RESULTS: The present protocol will assist in producing a systematic review that identifies the mechanisms underlying the reduction of TNF-alpha in intestinal barrier inflammation models.
CONCLUSION: The systematic review may contribute to the theoretical basis of research on new molecules with anti-TNF-alpha potential and, consequently, in the development of new therapies employed in humans. PROSPERO REGISTRATION NUMBER: CRD42019131862.

Introduction

The gastrointestinal mucosa separates internal from external environment, and allows only small antigens and microorganisms amounts cross the epithelium, preventing the passage of potentially harmful substances. This ability to protect the body from damage from the luminal content and mucosal permeability control constitutes the intestinal barrier function.[

Normal functioning of the intestinal barrier is fundamental for homeostasis, while the disruption of barrier mechanisms leads to increased mucosal permeability to luminal antigens and/or microorganisms that cross the intestinal epithelium and potentially induce epithelial-neuroimmune disorders that facilitate the gut inflammation development.[ Changes in barrier function have been widely implicated in the origin and development of many digestive diseases such as celiac disease, inflammatory bowel disease, irritable bowel syndrome and food allergies; and non-digestive, such as schizophrenia, diabetes, and sepsis.[

Tumor necrosis factor-alpha (TNF-alpha) has been widely studied and reviewed in the scientific literature regarding its participation in mechanisms involving inflammation-related cell pathways in the intestinal barrier.[

TNF-alpha is a cytokine produced by several cell types; however, the main producers are monocytic lineage cells, such as macrophages. This cytokine plays a key role during stationary or pathological conditions, for example, infections, lesions, inflammation, and tumor development.[

Once released from macrophages, which constitute the first line of defense, TNF-alpha activates other immune cells and mediates the production of additional proinflammatory cytokines during inflammatory responses.[ TNF-alpha also has a direct impact on the intestinal epithelial barrier, since it directly disrupts the intestinal tight junctions.[

In this perspective, several studies aim to promote the protection or recovery of intestinal barrier integrity and functionality through substances with anti-TNF-alpha activity. Understanding how these molecules act is essential for the development of new drugs with more specific action to combat inflammation in the gut. Therefore, studies are needed to discuss the mechanisms of action of molecules with anti-TNF-alpha activity on the intestinal barrier.

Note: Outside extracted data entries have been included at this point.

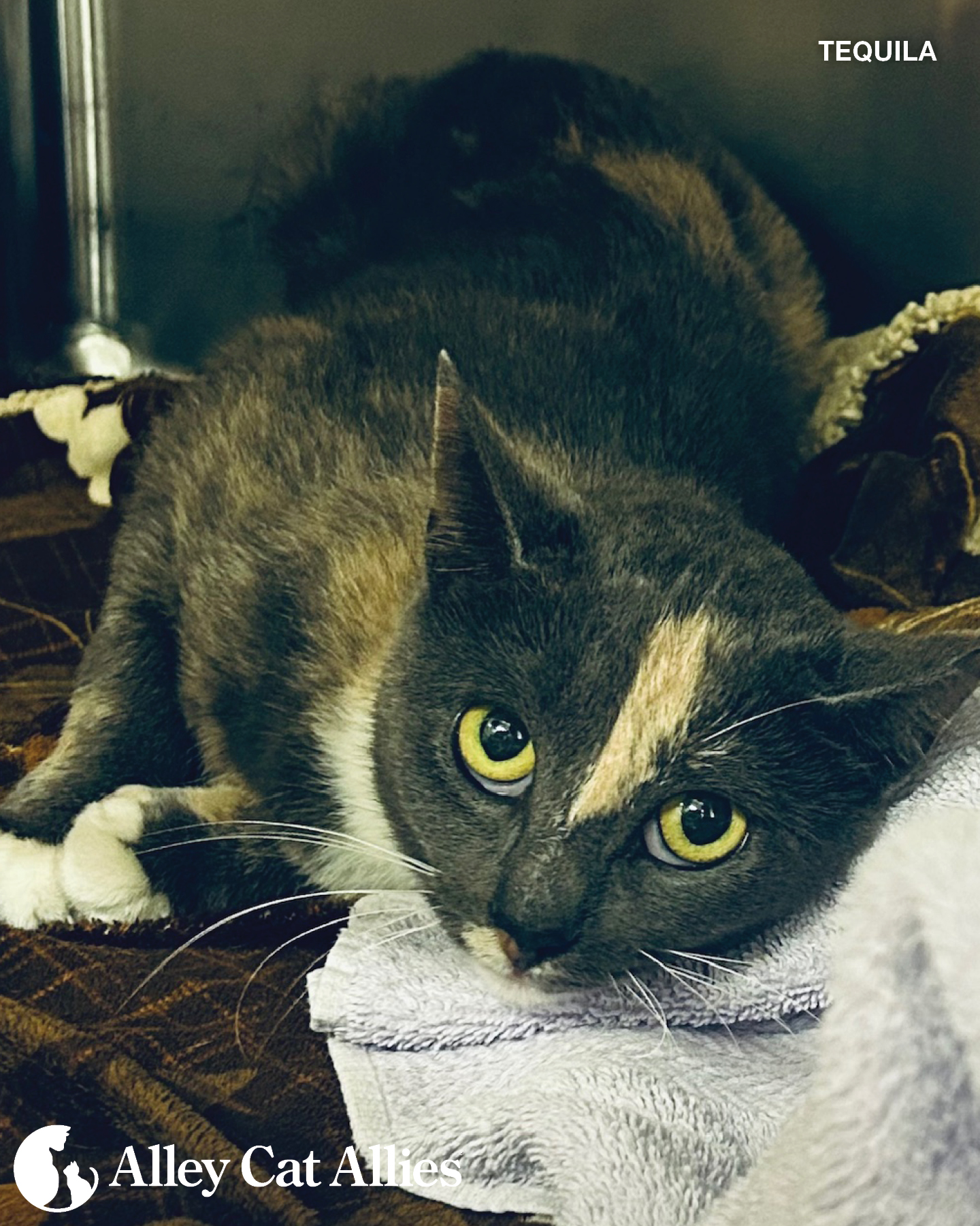 Each week in the TNR collaboration, community cats like Tequila are spayed or neutered, vaccinated, eartipped (the universal sign of a cat sterilized through a TNR program), microchipped, and given any other needed medical care, including antibiotic injections. A mother to several kittens, Tequila will be returned to her outdoor home to thrive free from the stresses of pregnancy. Her kittens, Cucumber and Pickle, will be adopted into homes of their own.
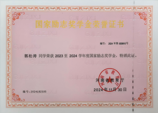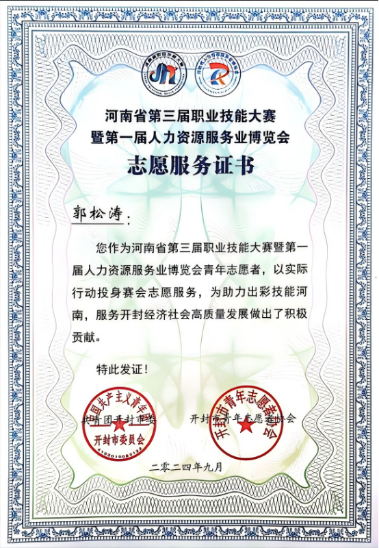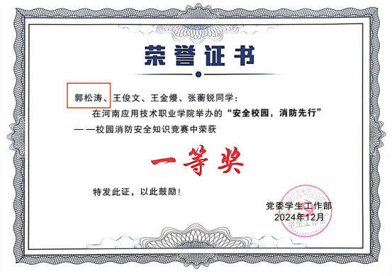郭松涛,男,汉族,2003年10月生,河南洛阳人,中共预备党员。智能建造与设计学院建设工程管理2301班学生,辅导员黄梦娜。在校期间,荣获国家励志奖学金、国家版权局计算机软件著作权登记证书、河南省三好学生、2025年中国国际大学生创新创业大赛省级一等奖、2024年中国国际大学生创新创业大赛省级二等奖以及校级、院级奖项若干。
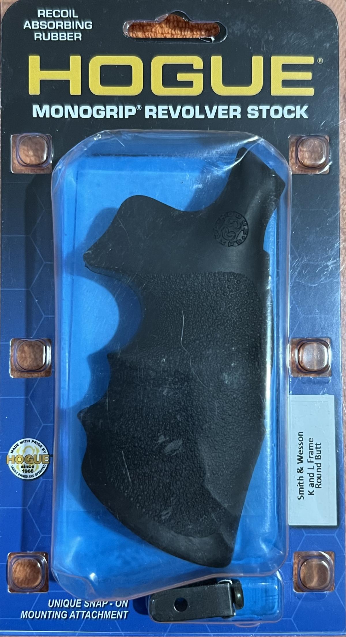 CACHA MARCA HOGUE MONOGRIP, PARA REVOLVERES MARCA SMITH & WESSON DE FRAME K y L ROUND BUTT CONVERSION SQUARE BUTT PARA MODELOS: 10, 12, 13,19, 64, 65, 66, 547, 581, 586, 681, 686.  NUEVAS Y SIN USO EN SU BLISTER ORIGINAL CON SUS INSTRUCCIONES, DE EXCELENTE GRIP. USD70

When it comes to understanding the mechanisms of action of these substances, most studies are developed in animal models, mainly mice and rats, used in many fundamental investigations for understanding human organism physiology, as well as for the development of new medical therapies.[ Prior to clinical application several treatments are preceded by animal experiments. These experiments are important for studying the efficacy and/or safety of interventions for humans. In this sense, awareness has increased about the importance of conducting systematic reviews in the field of laboratory animal experimentation.[ We found recent examples of systematic reviews of animal studies[ and systematic review protocols on animal therapies and interventions.[

Thus, the aim of this paper is to describe the systematic review protocol with experimental studies that determine mechanisms of action of molecules with anti-TNF-alpha activity on intestinal barrier inflammation.

Methods

Protocol and registration

This protocol has been prepared according to the guidelines described in Preferred Reporting Items for Systematic Reviews and Meta-Analyses Protocols (PRISMA-P).[ A 17-item checklist was used to improve the quality of the systematic review data.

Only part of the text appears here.